Deep Shashank, Walker Kerfoot P, Shu Zhanyong, Hinck Andrew P
Department of Biochemistry, University of Texas Health Science Center at San Antonio, San Antonio, Texas 78229-3900, USA.
Biochemistry. 2003 Sep 2;42(34):10126-39. doi: 10.1021/bi034366a.

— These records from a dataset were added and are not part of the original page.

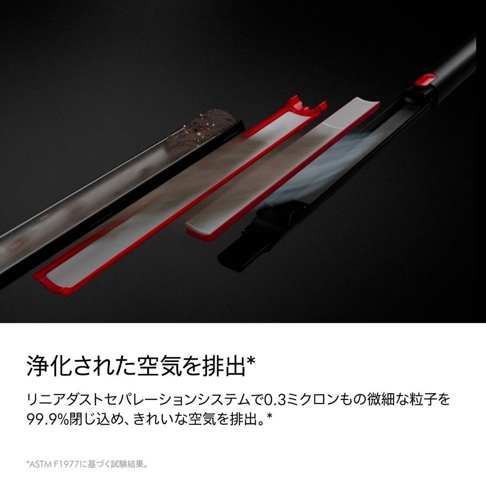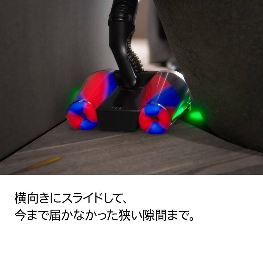 ブラシの先端部にカバーがないため、ブラシが側面に張り出し、壁に密着。ヘッドの幅全体で掃除し、際のホコリまでしっかり吸引。前後に搭載された2つのLEDが目に見えないホコリを浮かび上がらせ、掃除できていることも確認できるため、見逃しを防ぎます。
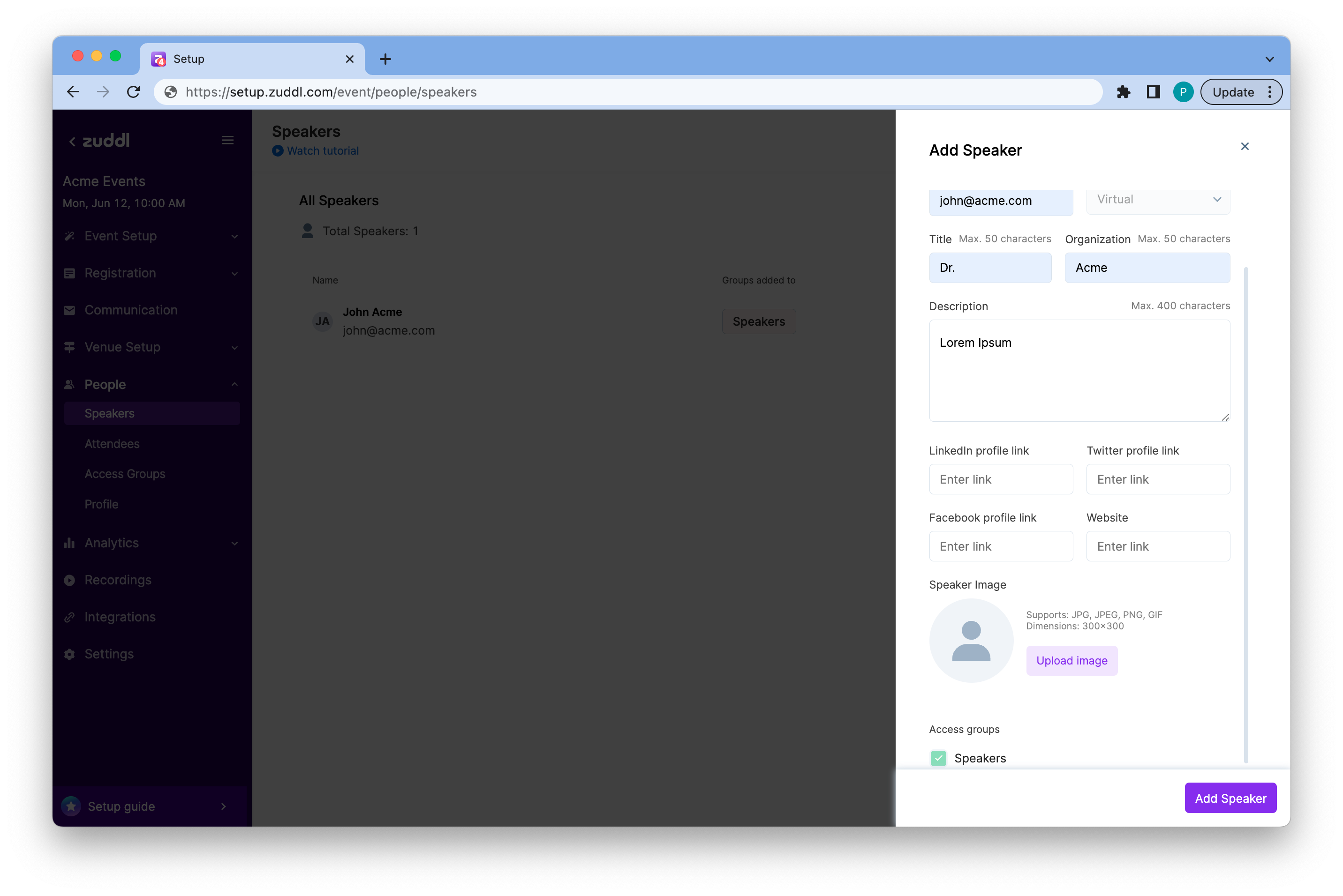- Optional. Click the Upload Image button to add the profile picture of the Speaker. The recommended format is a jpg, jpeg, png, or gif file with 300x300 resolution.
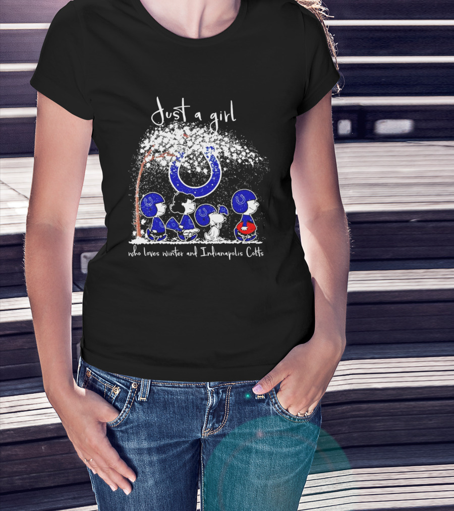 The Just a Girl Who Loves Winter and Indianapolis Colts Peanuts Characters T-shirt is designed for everyday wear and a consistent fit. Fabric is pre-shrunk ring-spun cotton with durable stitching. See the size chart below for exact measurements.

Isoforms of transforming growth factor beta (TGFbeta) are 25 kDa homodimeric polypeptides that signal by binding and bringing together two related, functionally distinct cell surface receptors designated as TbetaR1 and TbetaR2. Here, we report the solution structure of the 13.8 kDa extracellular domain of human TbetaR2 (ecTbetaR2) as calculated from N(N)-H(N), C(alpha)-H(alpha), and C(alpha)-C(O) residual dipolar coupling restraints in conjunction with NOE distance, dihedral angle, and scalar coupling restraints. Comparison of the free ecTbetaR2 solution structure with the TGFbeta3-bound ecTbetaR2 crystal structure reveals backbone conformations that superimpose with RMSDs of 1.0 A over the regions of regular secondary structure and 1.4 A overall. The differences in structure fall mainly in loop regions that are either poorly defined by the available NMR data or are involved in crystal contacts. The noted similarities between the NMR structure of the free form and the crystal structure of the TGFbeta-bound form are also consistent with the close correspondence, 0.16 A RMSD for regions of secondary structure and 0.51 A RMSD overall, for the crystal structure of free ecTbetaR2 as compared to the crystal structure of TGFbeta3-bound ecTbetaR2. Despite the apparent similarities between the free and the bound forms, there appears to be small but significant differences in structure involving the interfacial contact region of the receptor. Measurements of backbone (15)N relaxation times and interpretation of these by the model-free formalism with axial diffusional anisotropy further reveal significant ms to micros time scale motions centered about two of the conserved disulfide bonds and in several residues that comprise the TGFbeta binding surface. Together, these observations indicate that binding likely occurs through a mechanism with a small component of induced fit character, whereby flexibility within the receptor facilitates the transition to the TGFbeta-bound state.
转化生长因子β(TGFβ)的异构体是25 kDa的同二聚体多肽,通过结合并聚集两个相关的、功能不同的细胞表面受体(称为TβR1和TβR2)来传递信号。在此,我们报告了人TβR2(ecTβR2)13.8 kDa细胞外结构域的溶液结构,该结构是根据N(N)-H(N)、C(α)-H(α)和C(α)-C(O)剩余偶极耦合约束以及NOE距离、二面角和标量耦合约束计算得出的。将游离ecTβR2的溶液结构与结合TGFβ3的ecTβR2晶体结构进行比较,发现在规则二级结构区域主链构象的均方根偏差(RMSD)为1.0 Å,整体为1.4 Å。结构差异主要存在于环区,这些环区要么由现有核磁共振数据定义不明确,要么参与晶体接触。游离形式的核磁共振结构与结合TGFβ形式的晶体结构之间的显著相似性也与游离ecTβR2的晶体结构与结合TGFβ3的ecTβR2的晶体结构在二级结构区域的0.16 Å RMSD和整体0.51 Å RMSD的紧密对应一致。尽管游离形式和结合形式之间存在明显相似性,但受体的界面接触区域在结构上似乎存在微小但显著的差异。对主链(15)N弛豫时间的测量以及通过具有轴向扩散各向异性的无模型形式对这些测量结果的解释进一步揭示,在围绕两个保守二硫键以及构成TGFβ结合表面的几个残基处,存在从毫秒到微秒时间尺度的显著运动。这些观察结果共同表明,结合可能通过一种具有小部分诱导契合特征的机制发生,即受体内的灵活性促进了向结合TGFβ状态的转变。